Скошенное овсяное поле. Впереди, метрах в трехстах, кустарник. Пока нет самолетов, надо успеть добраться хотя бы до кустарника. Но прямо передо мной гул, а затем и сами самолеты. Ложусь в борозду. Самолеты, порядка 10–15 штук, прошли надо мной и стали бомбить разворачивающуюся в кустарнике у оврага нашу вторую батарею. Тороплюсь, пока самолеты бомбят батарею, добежать до кустов. На ходу все время оборачиваюсь назад. Слежу за самолетами. Но вот один самолет отделяется от группы и идет на меня. Я решил, что у него кончился боезапас и он возвращается на аэродром, но на всякий случай решил лечь в борозду. Чем черт не шутит. При таких же обстоятельствах такие же летчики и с таких же самолетов уже убили подо мной две лошади. Точно так же нападая на одиночную цель. Правда, тогда цели были покрупнее. В одном случае всадник на лошади в седле, а в другом – двое в санях. Но я знаю, что зимой 1941/42 года в районе Тулы и Калуги немецкие самолеты нападали и на одиночных солдат. И не успел я прижаться к земле, как рядом со мной прочертила землю пулеметная очередь. Пока я думал, подниматься или еще переждать, самолет развернулся и сделал второй заход. И на этот раз очередь прошла рядом. В это время другие самолеты закончили свою работу и, построившись клином, направились на запад. Подымаюсь и я. Надо успеть добежать до кустарника до новой волны самолетов. Знаю, что там начинается овраг, которым можно подойти к наблюдательному пункту.
Второй налет застал меня уже на подходе к штабу батальона. На этот раз самолеты обрабатывали траншеи нашего переднего края обороны.

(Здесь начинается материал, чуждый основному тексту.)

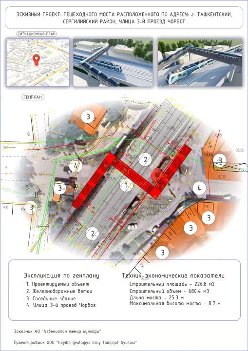 Проект пешеходных переходов и путепроводов на территории железнодорожной станции высокоскоростных пассажирских поездов Рахимова ПК1 (3377 км)

Останавливает часовой. Прошу вызвать кого-нибудь из офицеров. Из дыры в стене оврага, завешенной плащ-палаткой, вышел ст. лейтенант. Оказалось – начальник штаба батальона 28-го гвардейского стрелкового полка нашей дивизии. Полка, который держит здесь оборону, а наш дивизион придан ему для артподдержки. Старший лейтенант сказал, что командир дивизиона майор Антонов на наблюдательном пункте комбата майора Конькова. По почти отвесной стене оврага, цепляясь за кустарник, поднимаюсь наверх. Впереди гул боя. Сплошные разрывы снарядов, непрерывные пулеметные очереди и ружейная стрельба. Пока я не вижу ни нашей обороняющейся пехоты, ни наступающих немцев. Наши окопы находятся на скате высоты, обращенной к противнику. Иду по неглубокому окопу. На перевале окоп уже в полный рост ныряет в землянку. Это и есть НП. В амбразуре две стереотрубы. Здесь же три телефониста с полевыми телефонами. У одного из телефонов командир батальона кому-то во весь голос доказывает, что необходимо немедленно прислать подкрепление, что у него в ротах осталось по 7—10 человек, что немцы готовятся к очередной психической атаке и он не уверен, что она будет отбита. Бой не затихает ни на минуту. Снаряды и мины рвутся рядом с НП.
От командира дивизиона я получил задачу немедленно, хотя бы глазомерно, нанести на планшет боевой порядок дивизиона и подготовиться для стрельбы по заградительным огням и местам предположительного сосредоточения противника. Подошел к стереотрубе. Впереди, метрах в ста от НП, по пологому склону, обращенному к противнику, тянулась ломаная линия наших окопов. Местами были видны дымки винтовочных выстрелов и тупо стучали короткими очередями «максимы». Через НП и левее, из оврага, редко постреливают наши минометы. Дальше по полю видны отдельно лежащие предметы. Я решил, что это убитые. Метрах в трехстах от наших окопов, перед оврагом, поросшим кустарником и небольшими деревьями, чуть заметна хорошо замаскированная линия окопов противника. Из окопов ведется интенсивный пулеметный огонь, а в овраге виден дым и слышны звуки стрельбы разнокалиберных минометов.